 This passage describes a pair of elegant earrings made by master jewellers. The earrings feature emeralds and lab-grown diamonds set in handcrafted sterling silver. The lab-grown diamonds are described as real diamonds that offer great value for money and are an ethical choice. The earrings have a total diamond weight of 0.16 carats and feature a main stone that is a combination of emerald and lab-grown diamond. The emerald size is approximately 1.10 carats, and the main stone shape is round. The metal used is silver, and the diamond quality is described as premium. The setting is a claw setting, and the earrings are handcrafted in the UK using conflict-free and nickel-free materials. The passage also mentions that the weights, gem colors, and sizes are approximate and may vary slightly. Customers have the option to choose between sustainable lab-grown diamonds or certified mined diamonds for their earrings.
...
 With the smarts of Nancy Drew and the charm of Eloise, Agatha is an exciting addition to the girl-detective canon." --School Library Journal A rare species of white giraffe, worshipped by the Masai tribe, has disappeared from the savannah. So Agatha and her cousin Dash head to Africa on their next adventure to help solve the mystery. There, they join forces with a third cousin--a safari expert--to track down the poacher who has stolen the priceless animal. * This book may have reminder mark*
* * *
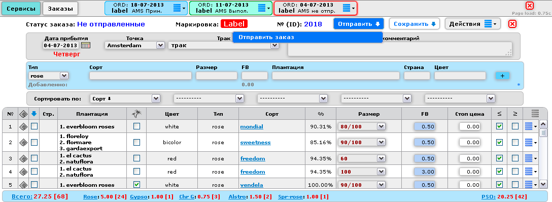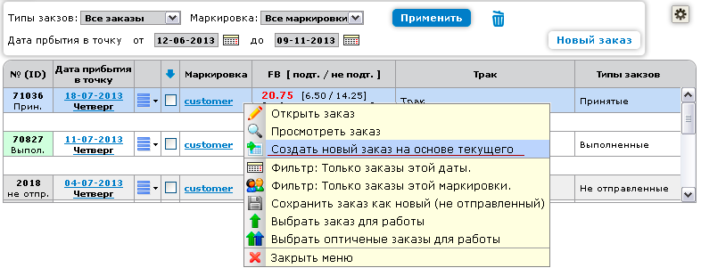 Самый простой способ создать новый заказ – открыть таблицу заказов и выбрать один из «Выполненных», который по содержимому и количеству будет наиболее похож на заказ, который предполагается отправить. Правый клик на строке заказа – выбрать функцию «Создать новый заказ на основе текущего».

[Assignment]
Work out the number of lines in the records containing the word "This". Write only that number.

[Task response]
2